Effect of elevated CO2, temperature and limited water supply on antioxidant status during regrowth of nodulated alfalfa

Abstract

Atmospheric CO2 is a major contributor to the greenhouse effect and is one of the main inducers of climate change. Previous studies with nodulated alfalfa plants have shown that elevated CO2 increased the growth of plants grown under well‐watered or limited water supply conditions. The beneficial effects of atmospheric CO2 enrichment included higher photosynthetic rates, growth and water‐use efficiency and an increase in the root/shoot ratio. However, at the moment, we do not have information on the possible implications of the beneficial effect of elevated CO2 as it may relate to a higher capacity of the violaxanthin–antheraxanthin–zeaxanthin (VAZ) cycle, the dissipation of excess radiation as heat and the effect on photooxidation, and to an improved leaf antioxidant system (Halliwell–Asada cycle). The aim of the present study was to determine the effects of the interaction between CO2 (ambient, around 350 vs 700 μmol mol−1), temperature (ambient vs ambient + 4°C) and water availability (well irrigated vs partially irrigated) on the leaf antioxidant status of nodulated alfalfa during regrowth. Parameters measured in this study included relative growth rate (RGR), H2O2 content, oxidative damage [measured as thiobarbituric acid‐reacting substances (TBARS)], leaf pigment composition (chlorophylls and xanthophylls), ascorbate (ASA) and glutathione pool levels and antioxidant enzymes. Our results revealed that during alfalfa regrowth, the effects of elevated CO2, limited water supply, temperature and their interactions on growth were not related to significant or general changes in leaf antioxidant capacity, H2O2 accumulation or oxidative stress (TBARS concentrations). The beneficial effects of CO2 enrichment in well‐watered and limited water‐subjected plants were not associated with an increase in the capacity of alfalfa leaves to dissipate excess radiation as heat through the VAZ cycle or with an increase in the antioxidant capacity, measured in terms of Halliwell–Asada cycle enzymes and antioxidant compounds.
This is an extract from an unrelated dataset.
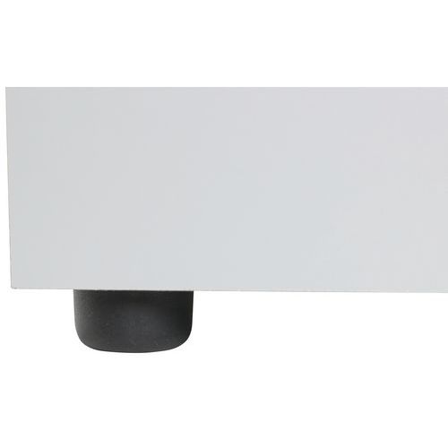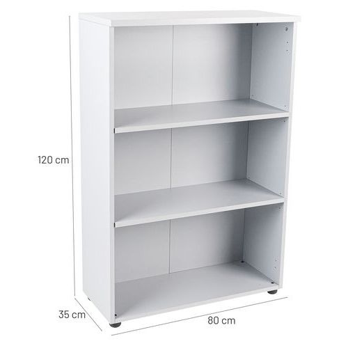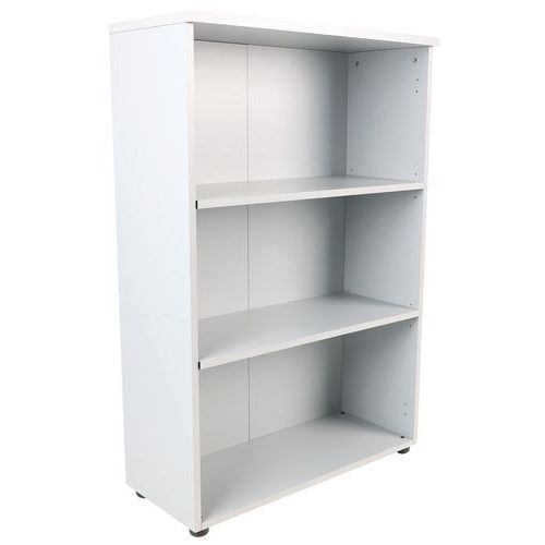 Aménagement personnalisable grâce aux tablettes réglables. Bibliothèque avec pieds patins noirs. Agrandissez votre espace de travail avec un élément assorti

Furthermore, elevated CO2 did not affect RGRs during the last 15 days of regrowth and reduced the activity of several antioxidant enzymes (catalase, superoxide dismutase and glutathione reductase and ASA peroxidase in limited water‐subjected plants), suggesting a lower basal rate of oxygen activation and H2O2 formation, leading to a relaxation of the antioxidant system.